Judiciary Chairman Charles E. Grassley, R-Iowa, in his opening statement, took exception to the characterization of debt holders as “vultures,” as some who advocate for bankruptcy for Puerto Rico have begun to refer to the island’s creditors.
“I’m told that approximately 16,000 Iowans are invested in funds that hold [Puerto Rican] bonds. These folks aren’t vultures. They’re middle-class Americans who probably knew little about Puerto Rico’s finances. They simply invested in one of many tax-exempt municipal bond funds containing Puerto Rico’s bonds,” Grassley said.

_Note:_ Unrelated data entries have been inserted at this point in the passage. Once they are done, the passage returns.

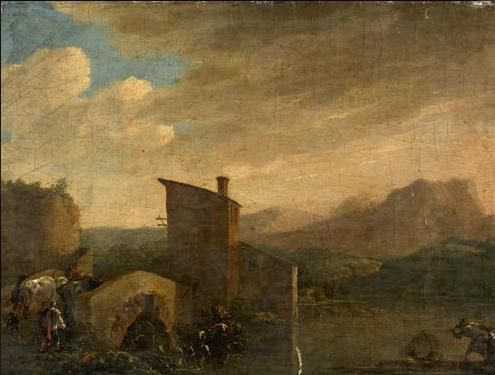 A landscape with a fisherman and drovers with cattle crossing a bridge
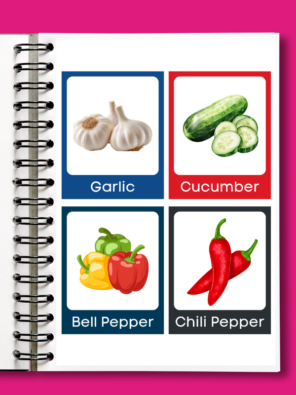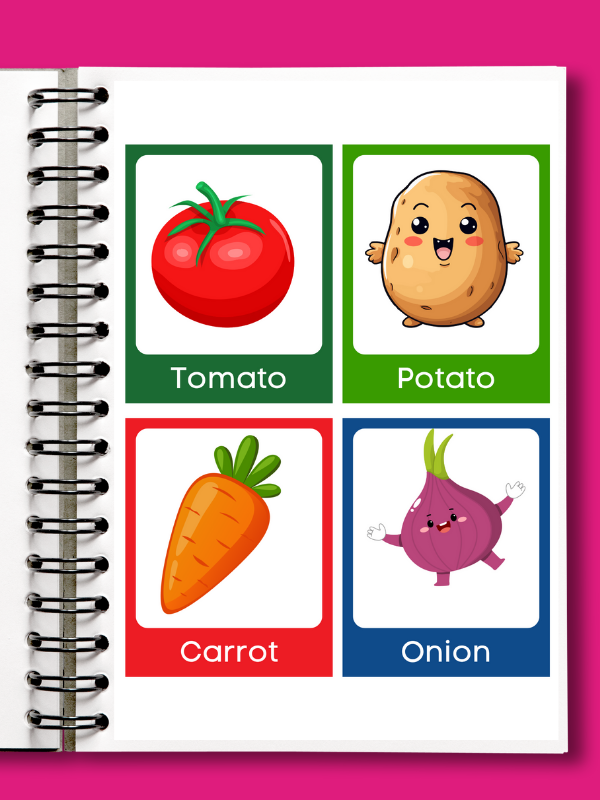 These vegetable flashcards make learning fun and help children explore and memorize vegetable names in a simple and enjoyable way.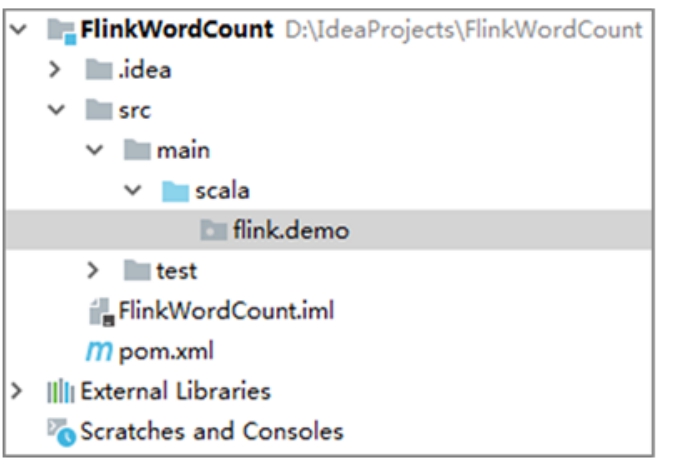 至此,基于Maven管理的Flink项目就搭建完成了。项目默认结构如图1-28所示。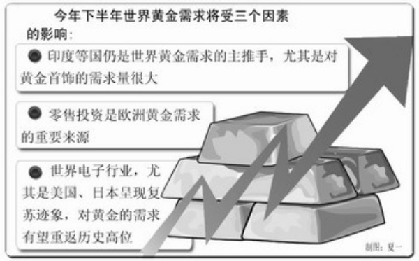 该报告预测,今年下半年世界黄金需求将受以下三个因素的影响:一是印度等国仍是世界黄金需求的主推手,尤其是对黄金首饰的需求量很大;二是零售投资是欧洲黄金需求的重要来源;三是世界电子行业,尤其是美国和日本都呈现复苏迹象,对黄金的需求有望重返历史高位。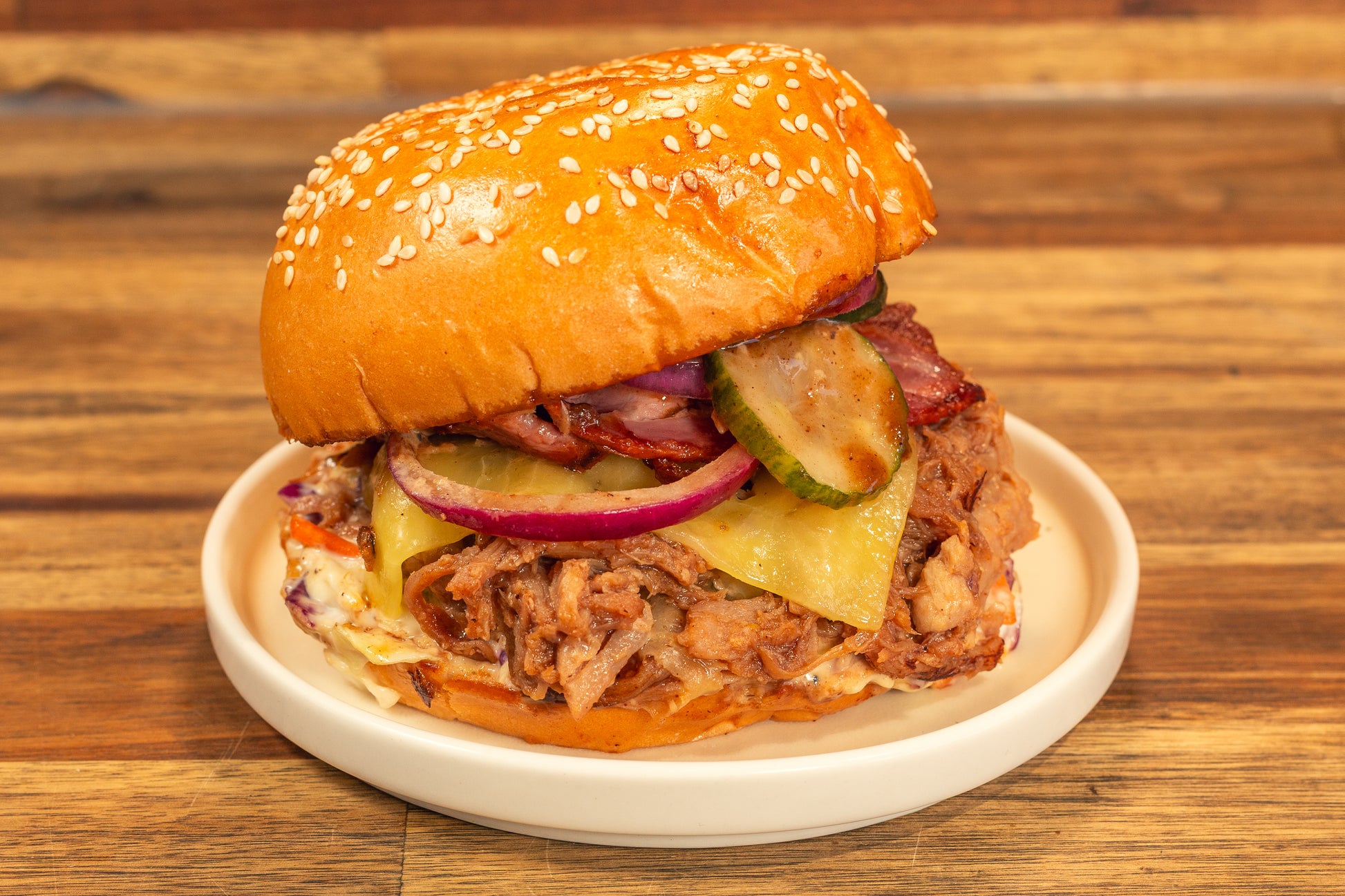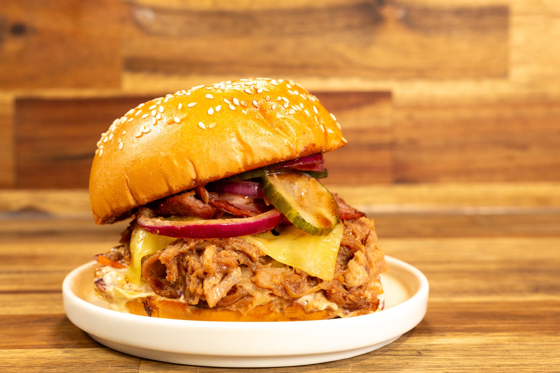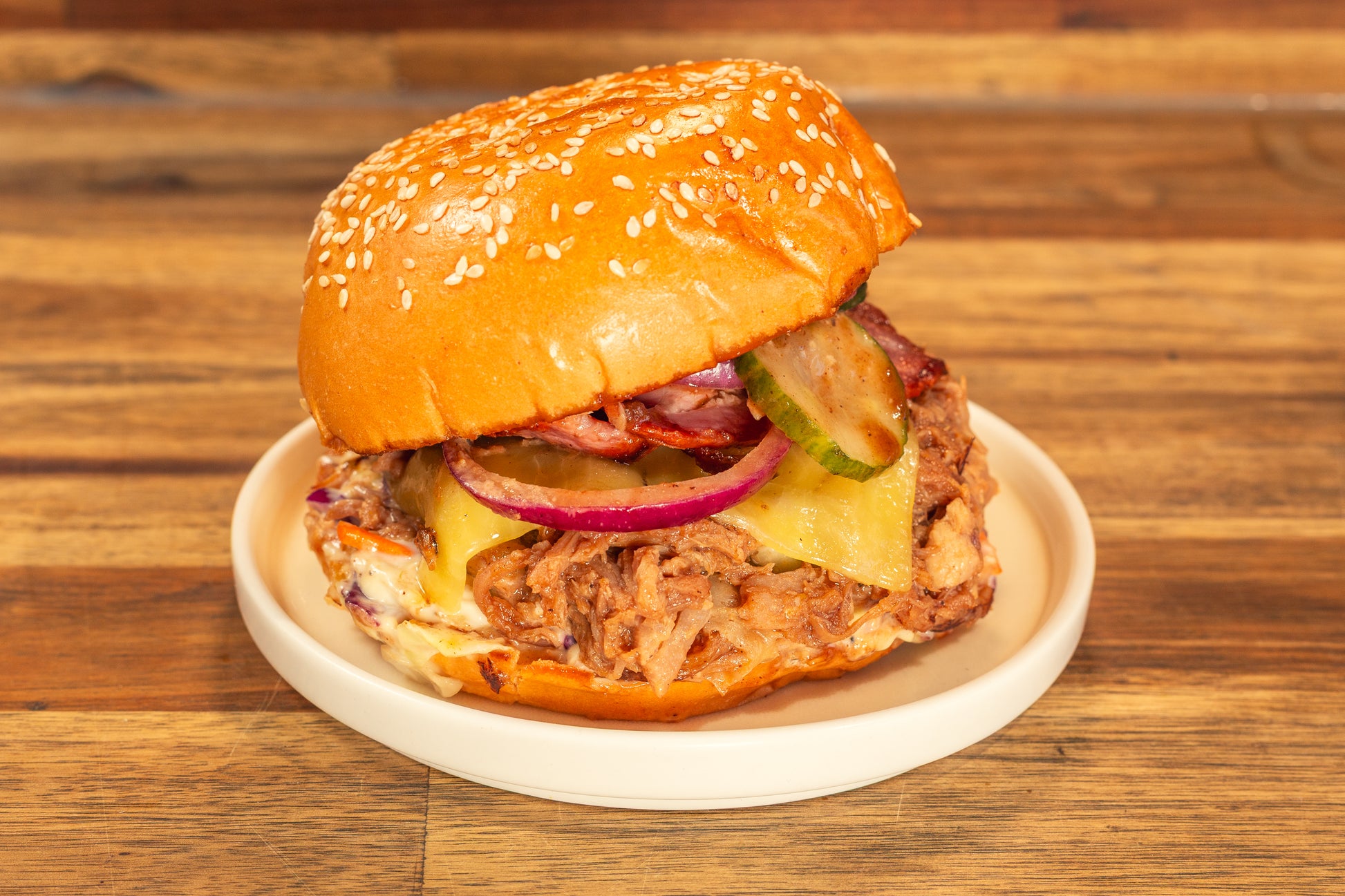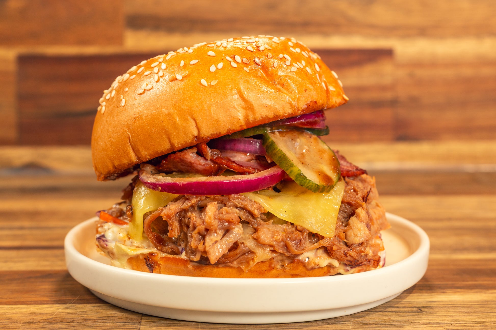 Slow-cooked pulled pork topped with melted cheese and smoky BBQ sauce.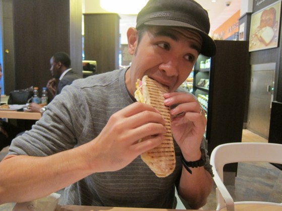 There are 18 Eric Kayser stores in Paris but 80 stores worldwide. Mr. Selfish and I will certainly be looking for Eric Kayser stores in our travels. He is after all the ambassador of French bread to the world. Now for some shots of us enjoying Eric Kayser.

After the hearing, the idea of forgiving or restructuring debt wasn’t sitting well with American and Puerto Rican holders of the territory’s bonds.
“Rather than engaging in a consensual process that has been offered by creditors, Governor Garcia Padilla has embarked on a warpath toward total debt avoidance,” said Matthew Kandrach, vice president of the conservative group 60 Plus Association, which advocates for seniors from a free-market, limited-government perspective. “His actions will eviscerate the Constitution, tarnish Puerto Rico’s economic credibility, rattle municipal markets, and destroy the retirement savings of thousands.”
At a news conference Kandrach organized with bond holders following the Senate hearing, speakers echoed Republican calls for belt tightening before bankruptcy. “They are not even following their budget,” a retired chemist named Teresa Garcia said of the Puerto Rican government. “They have gone $2 billion over the budget for 2014, so the government needs to cut.”
Kandrach added that the governor had spent hundreds of millions of dollars on consultants, something 60 Plus thinks he should have thought about before coming to Congress for financial help.
InsideSources’ David Eldridge contributed to this report.